_Dataset excerpts_
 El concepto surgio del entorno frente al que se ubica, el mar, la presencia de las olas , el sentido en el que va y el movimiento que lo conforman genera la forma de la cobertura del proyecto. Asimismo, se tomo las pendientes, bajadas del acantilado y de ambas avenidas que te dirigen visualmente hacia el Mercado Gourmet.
--
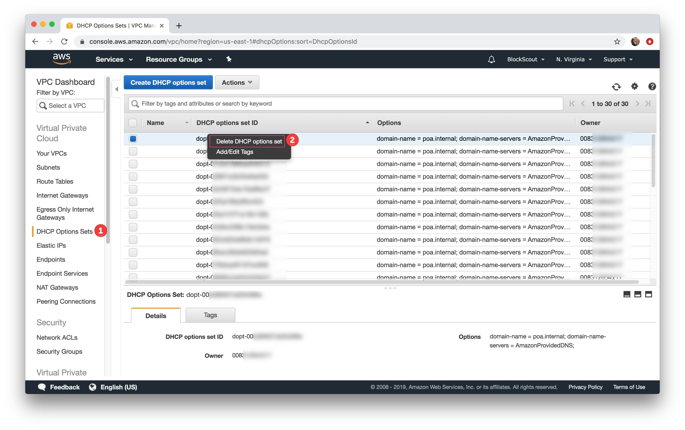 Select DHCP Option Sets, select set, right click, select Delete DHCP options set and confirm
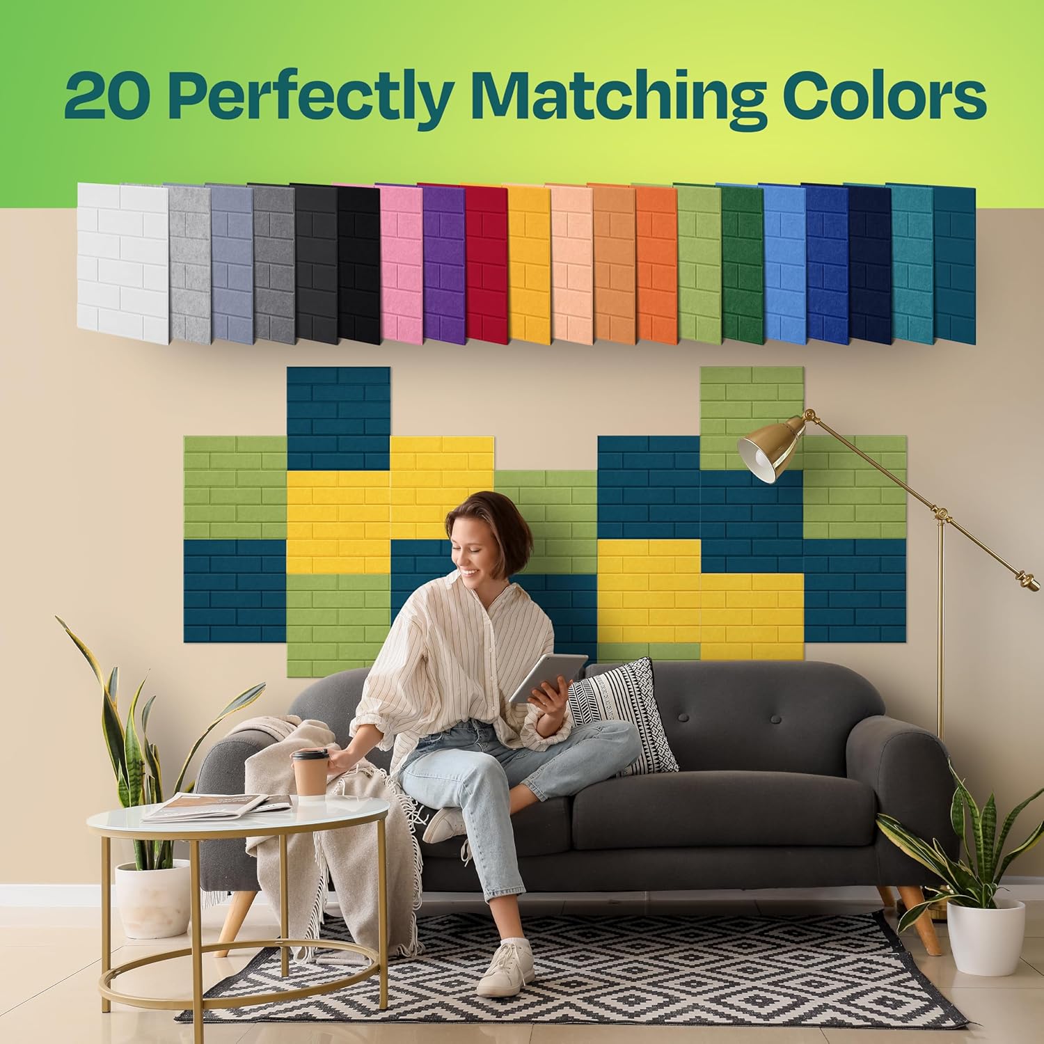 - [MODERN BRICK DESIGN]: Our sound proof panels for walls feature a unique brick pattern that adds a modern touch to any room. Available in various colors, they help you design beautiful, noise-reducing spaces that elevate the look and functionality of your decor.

_Instructions to follow_
Transcribe the listing above exactly, but only from the line with "Select DHCP Option" through the line with "- [MODERN BRICK". Include both of those lines and omit the pictures.

_Exercise output_
 Select DHCP Option Sets, select set, right click, select Delete DHCP options set and confirm
 - [MODERN BRICK DESIGN]: Our sound proof panels for walls feature a unique brick pattern that adds a modern touch to any room. Available in various colors, they help you design beautiful, noise-reducing spaces that elevate the look and functionality of your decor.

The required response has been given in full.